The most common theme in the proposed bill is an increase in taxes for both people and businesses. However, even though businesses are taxed, normally it is rolled on to (Passed on to) the person who will eventually pay for the service at the end i.e. you and I. When we go to supermarkets and check the receipts, we often see two prices on some goods i.e. the actual cost of the item we have bought and the amount that goes to the government in the form of Value Added Tax (aka VAT). However, there are some goods that are currently not taxed such as the famous bread that is a staple breakfast meal in some homes.

I often hear a statement that was once said that the only two sure things on earth are death and taxes. Taxation is a common theme in all countries. However, the structure may be different. For example, in developed countries such as America, not only do they pay taxes to the federal government (which could be compared to the Kenyan National Government) but also different states (much like our counties here) have their own taxes that their residents pay.

According to Statista.com, Kenya collected tax revenue that was worth Ksh 1.89 trillion by the fiscal year 2022/2023  and the main sources of the tax revenue were income tax which includes PAYE (Pay as You Earn), Import duty (tax collected on items imported and some that are exported in the country), excise duty (taxes that are imposed on goods that are manufactured) and Value Added Tax (VAT). By December last year, the same source states that they collected around Ksh 1 trillion. 

Taxes can either be direct where individuals have to pay the government e.g. Pay As You Earn, customs duty when importing items such as cars etc. Taxes can be indirect where the government places the responsibility of a particular tax being paid by an individual or group e.g. a Company. The individual or the company will then transfer the burden of paying it to the consumer who will buy the product in the end e.g. VAT. In the case of bread, if the bill passes through and bread is no longer exempted from VAT, the bread-making companies will be required to pay 16% of the price of bread to the government.

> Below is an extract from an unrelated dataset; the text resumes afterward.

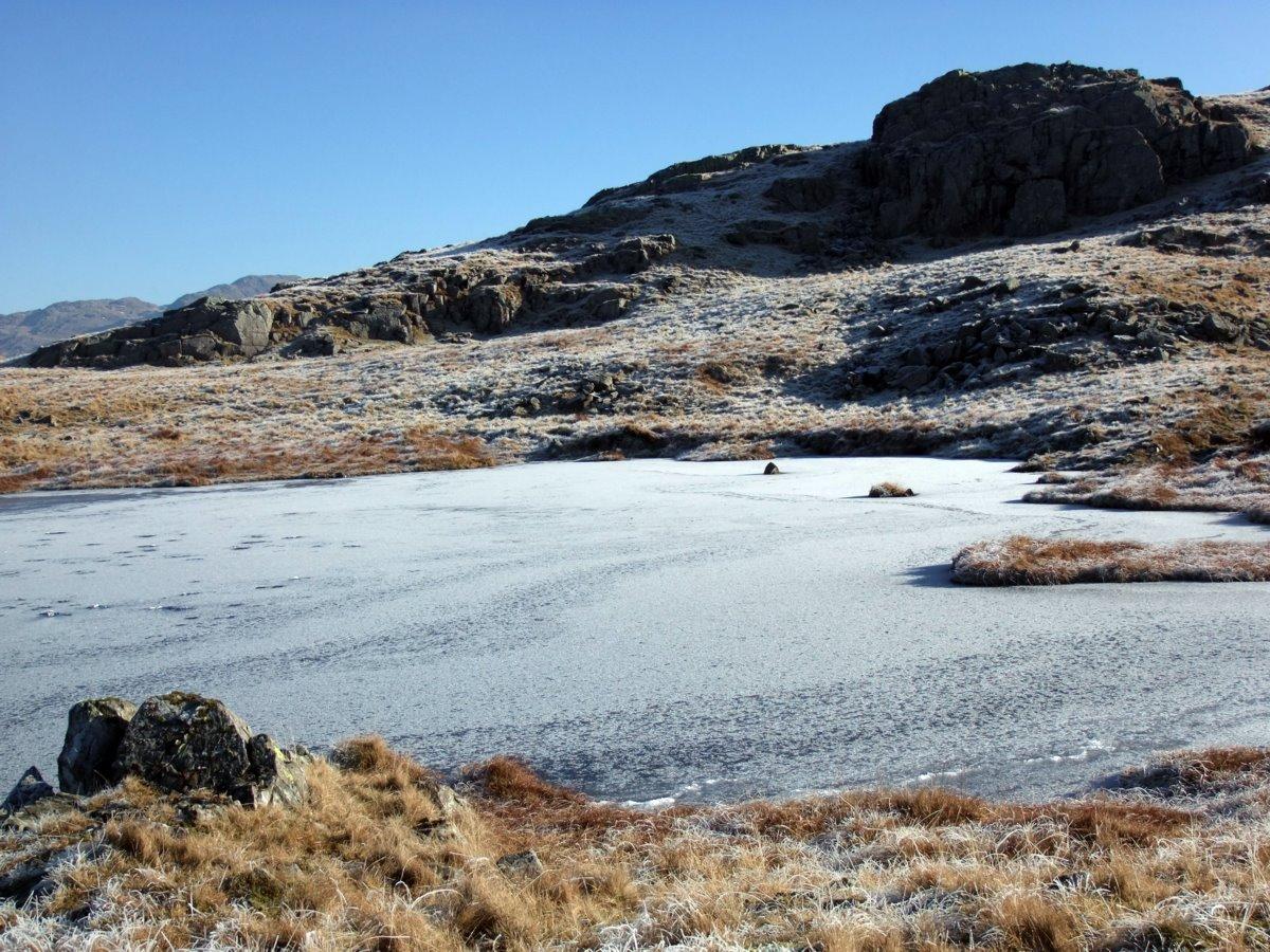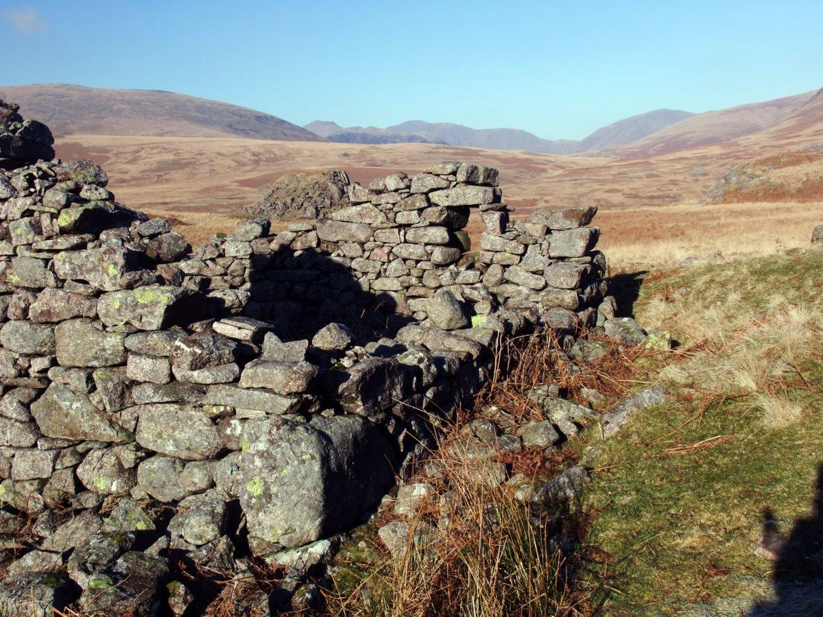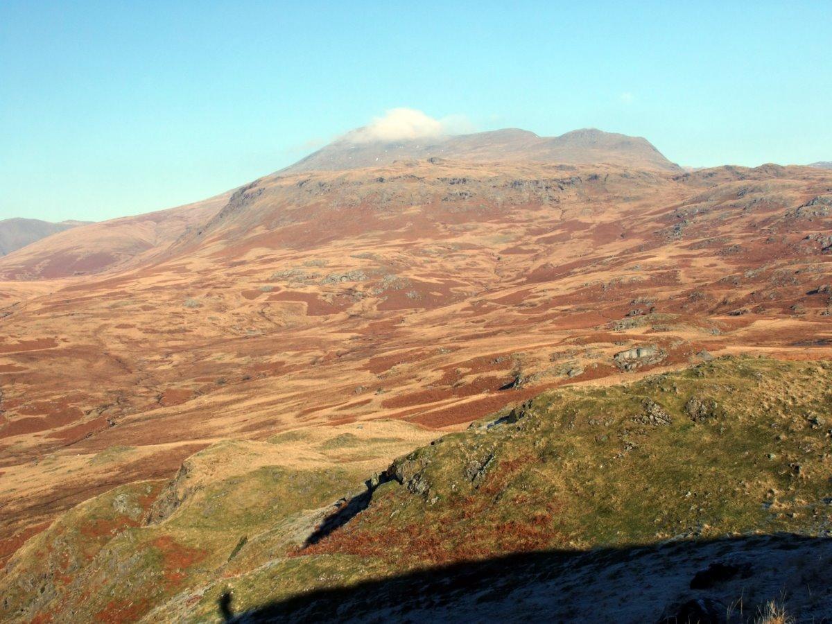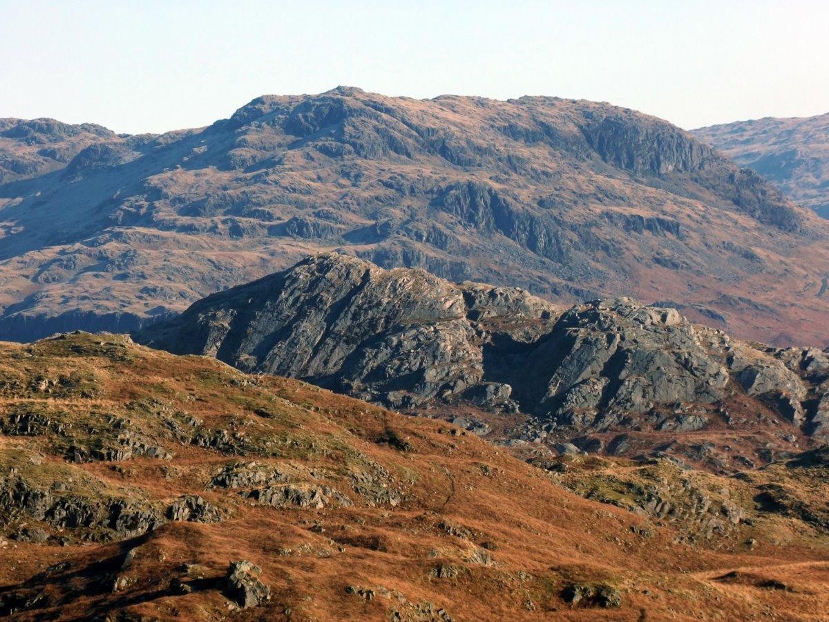 Quagrigg Moss from Great How. Bowfell and the Crinkles on the skyline.

However, as most businesses do, businesses will not bear this burden but it is the everyday Kenyan who will bear the burden of the tax as the bread price will be raised to accommodate the tax.

Taxes are one of the ways government raises revenue or income and there are benefits to it as follows:

1.       Better Infrastructure

One of the benefits of taxes is actually seeing the money going towards building roads, railways, health care facilities, schools and the necessary equipment they need as well as other public facilities that the citizens need. Businesses in the process can benefit from built infrastructure as it is easier to transport their goods and distribute them to the right market on time.

2.       Payment of Public Servants

I believe we all know of a person whose parents worked as civil servants or maybe it is you that we are talking about. These taxes help with the payment of salaries of civil servants, members of parliament, police officers as well as many others. It is often said in the business world that cash is king as it is the bloodline of a business. Without cash, it is a challenge to run the day-to-day activities in an organisation. This is the same for the government. They too need the finances to be able to run all the activities needed to be done including paying wages to its workers.

3.       Discourage Use of Certain Products

In the case of products that are thought to be harmful, morally suspicious and/or could be costly to society, there is a tax that arises known as the ‘sin tax’. Such activities are often believed to bring negative consequences to society. In Kenya, such as alcohol, betting, and cigarettes, the government often raises taxes so as to discourage one from participating in these activities.

4.  Protection of Local Industries

In some cases, the government may choose to impose high taxes on items being imported as a way to ensure that local businesses are able to sell cheaper quality products that are favoured by the everyday consumer first as compared to imported products. The income the local businesses receive will help them expand and grow creating more job opportunities for the Kenyan citizen.  

Final Thoughts

Taxation is important in any country and if well designed can be a powerful positive force that can benefit That community. However, I do believe there needs to be a balance of ensuring there is enough tax going around and avoiding the pit of taxation which can lead to further discouraging the taxpayers from performing their duty faithfully. Some may opt to evade taxes which is illegal and the consequences once found are dire. However, we need transparency, integrity and accountability from the Kenyan government to ensure that the taxpayers’ money is achieving that which it was set to do. This will encourage the everyday Kenyan taxpayer to faithfully pay their dues and that includes us millennials and Gen Zs.